I’m sure all companies do something to fatten up their employees. We employ the “carbo-loading” one. Sometimes its cookies and brownies, occasionally it's Make Your Own Sunday, but the worse, the worse, gluttony by far... is "Bagel Friday".
We get an email reminder on the Thursday before that the firm as invited us to Bagel Friday the next day. I suppose this “Heads Up” is good for those looking to save $1.50 on the usual morning bagel. However, it also means that normal God fearing people start salivating, for this means their families will have bagels this weekend, families will in deed feast on bagels. If you listen carefully you can hear the sound of a thousand plastic bags being opened, the bags collected over the months from shopping trips to Duane Reade, all to house the bagels; to drag home their score from the hunt.
If you happen to wander into a "bagel" conference room, (an hour after the bagels have been released in to the wilds of a conference room), good luck in finding any bagels left. Because any bagels that have not been scarfed down are now tucked into the bottom of desk drawers to be whisked away on Metro-North and the LIRR by 5:34pm.

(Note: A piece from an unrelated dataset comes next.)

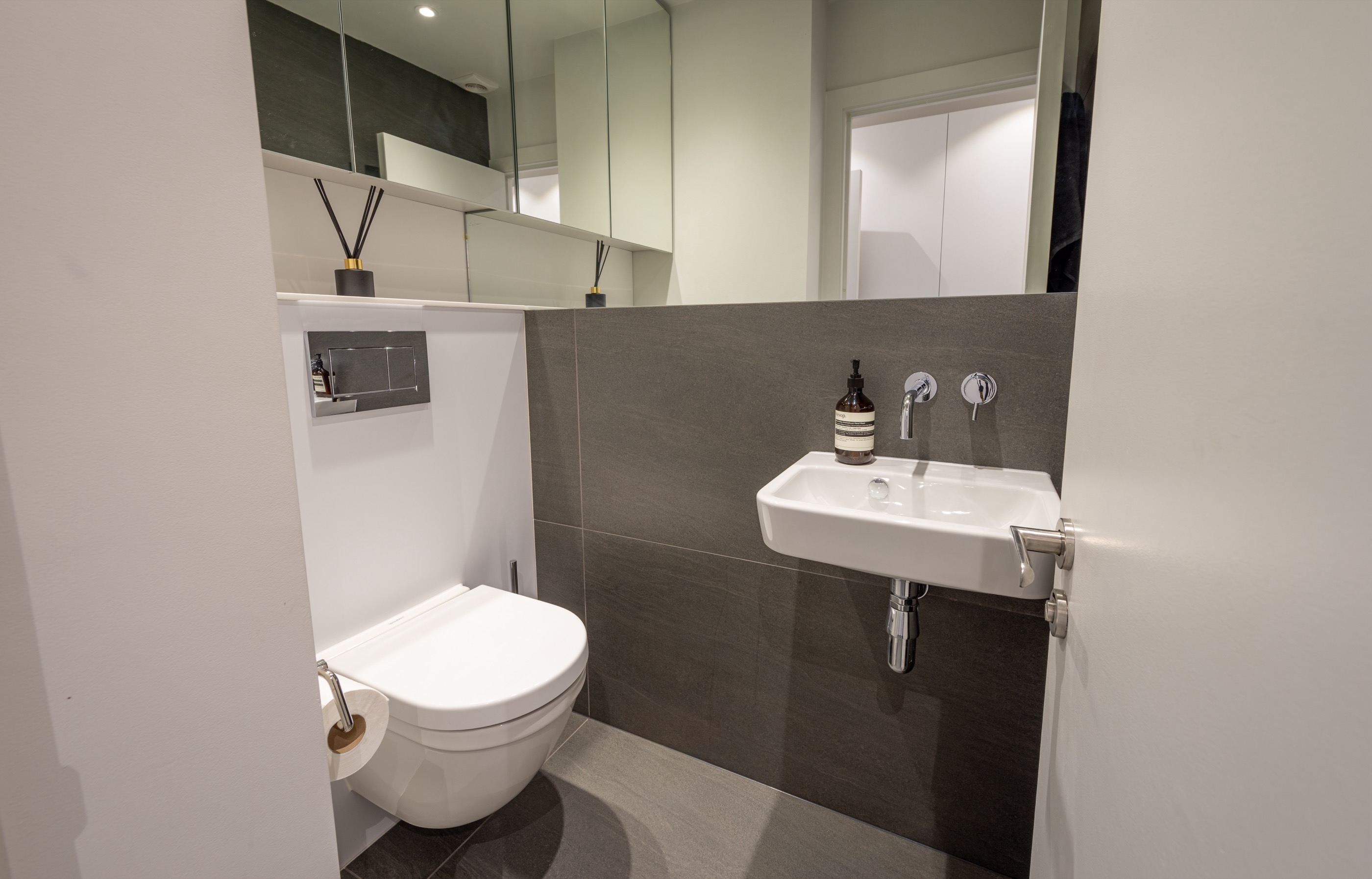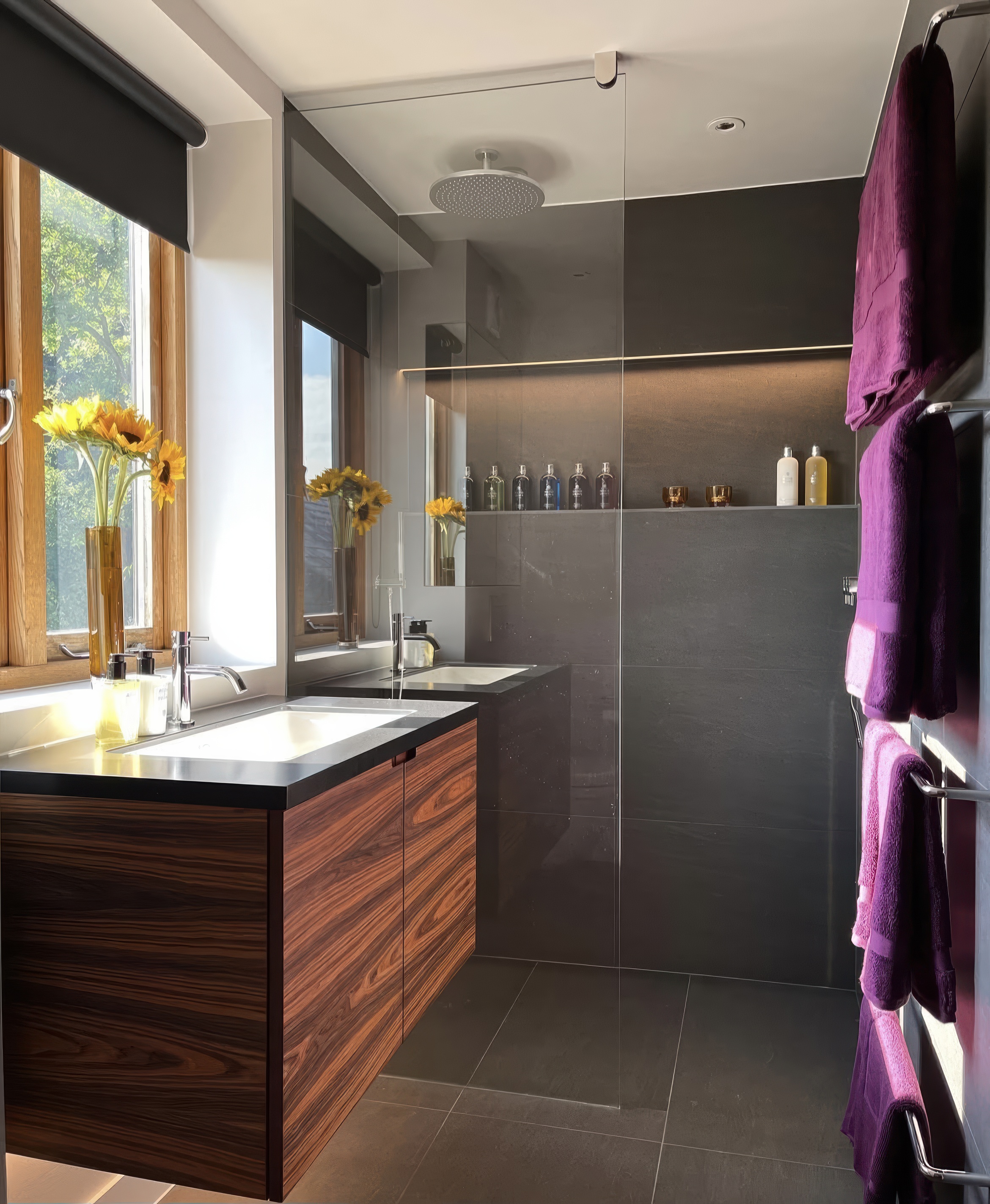 All of the home’s bathrooms, shower rooms and cloakrooms have been transformed with an emphasis on sleek, modern luxury. Large-format anthracite porcelain tiles create a sophisticated backdrop, while rainfall showers with expansive heads provide a spa-like experience. Two of the bathrooms now feature exquisite bespoke walnut wall-hung vanity cabinets, adding warmth and refinement. Another bathroom additionally benefits from a large, wall-hung bespoke mirrored cabinet, providing ample storage without compromising on style.

Who are the worst culprits.... the ones supposedly on Atkins or South F*cking Beach. Watching them bagel ”scoop”. Sickening I tell you.
I try my hardest to bypass even looking into the conference room that one Friday a month.
“Hey, so-and-so, why didn’t you get your bagel?” I'm the one that gets scorned for not taking part in bagel raves. I’m the ostracized freak for coming to work with breakfast in hand.
Here's a snapshot of the scene:
Think poorly cast horror movie with really bad set design, masses of tangled arms flying, grabbing poppy-seeded bagels by the handful, lox spread being flung over tops of heads. Toes are being stepped on. A feeding frenzy. Everyone hopped up on gluten. All in the name of bagels.
Don’t even get me started on the toaster etiquette.
"Um, is this toaster taken?"
"How much longer you think?"
I think, I think I want to pick up this toaster and hurl it at you, it's a freakin bagel and it will take as long as it needs to toast....you pompous-bagel-eating-whore!"
Once on a Thursday we received our regular email alert, however upon arriving on that very Friday, the bagels…..are you sitting...
Were. Not. Delivered.
Administration pointed fingers at each other. People sneered at each other in the hallway, grunts and stomach growling could be heard throughout the offices.
And even after 11 am people were still holding out, putting off going down to get something for breakfast. Emails were shooting across monitors:
“Where are the damn bagels";
"I want my bagel"; and the horrid whine....
"but they promised.”
I am so close to asking Human Resources to add a chapter in our Employee Manual that deals with just this sort of crisis:
3.5a Bagel Guidance: What To Do When You Don't Receive Your Allotted Bagel Allowance.
A note on employee luncheons:
Shrimp brings out the worst in people. Perhaps it’s a deep embedded gene that says we must secure the shrimp or we will surely die. People fear that they will not have another opportunity to eat or even see shrimp and they guard their territory with such force, one could lose an eye or something.
Don't let the smell of an employee luncheon fool you.
It's so bad by me, that on shrimp platter days, the office glows pink like G-d damn flamingos.